# Sept. BCN Rankings



## unfocused (Oct 8, 2019)

Let the flame wars begin: https://www.bcnretail.com/market/detail/20191007_139996.html


----------



## privatebydesign (Oct 8, 2019)

Hmm, Canon are *******.......


----------



## Mt Spokane Photography (Oct 9, 2019)

Its well known that after a new camera release, sales jump. Sony also had some new releases, so its not lopsided. Considering that Nikon did not have any new models in September, they held up well.


----------



## Sharlin (Oct 9, 2019)

Mt Spokane Photography said:


> Considering that Nikon did not have any new models in September, they held up well.

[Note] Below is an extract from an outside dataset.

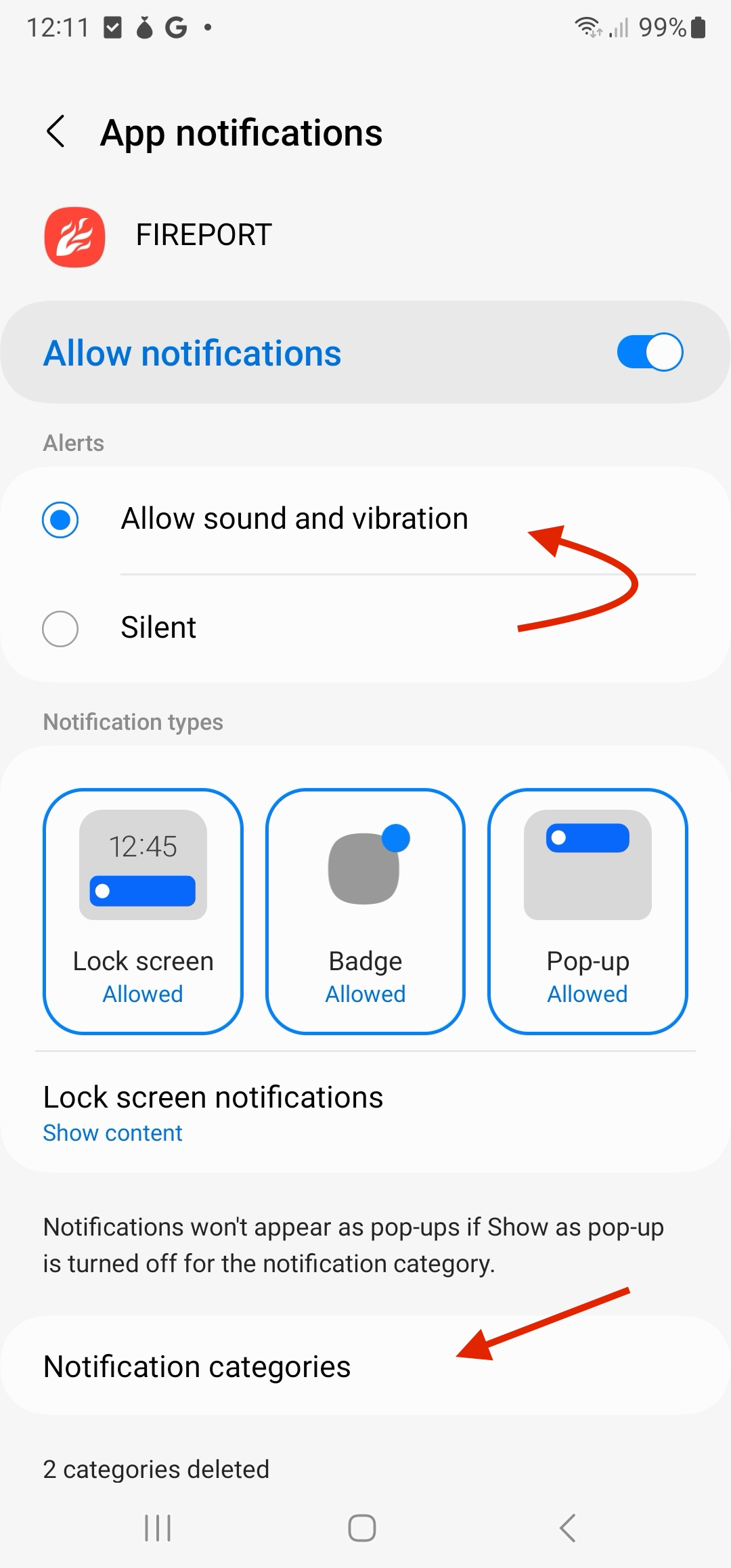 Ujistěte se, že v nastavení oznámení pro aplikaci FIREPORT je zapnutá možnost Povolit zvuk a vibrace a že není nastaven tichý režim oznámení. Dále přejděte do sekce Kategorie oznámení, kde je možné nastavit zvukové preference pro jednotlivé skupiny. Pro každou skupinu zkontrolujte, že není zvolena možnost Tiché oznámení, ale že jsou povoleny zvukové a vibrační notifikace. Tento postup opakujte pro všechny skupiny, pokud jich je více.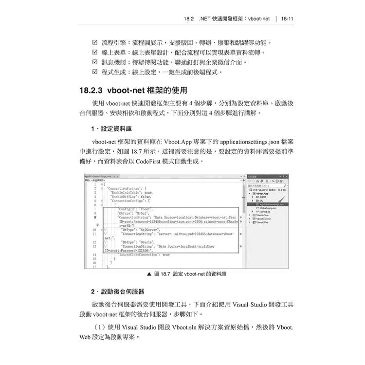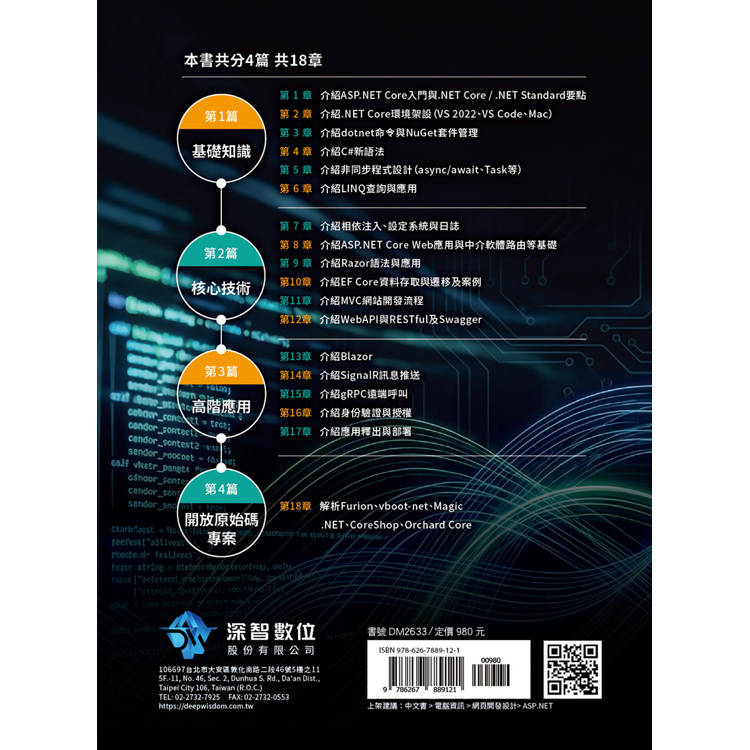 第4 篇:開放原始碼專案。本篇詳細剖析ASP.NET Core 的5 個最流行的熱門開放原始碼框架:Furion、vboot-net、Magic.NET、CoreShop、Orchard Core。系統解析這些開放原始碼框架的作用、特點、功能,並帶領讀者親身體驗其具體設定及使用過程,為讀者實際開發ASP.NET Core 專案提供借鏡模板。

I don't think they mentioned Nikon in that article. The chart shows Canon, Sony and Olympus.


----------



## Quirkz (Oct 9, 2019)

Funny how quiet the thread is when it’s canon in the lead.


----------



## SteveC (Oct 9, 2019)

I'd love to see a similar graph showing the situation in the United States.


----------



## Mt Spokane Photography (Oct 9, 2019)

Sharlin said:


> I don't think they mentioned Nikon in that article. The chart shows Canon, Sony and Olympus.


Thanks, I missed that.


----------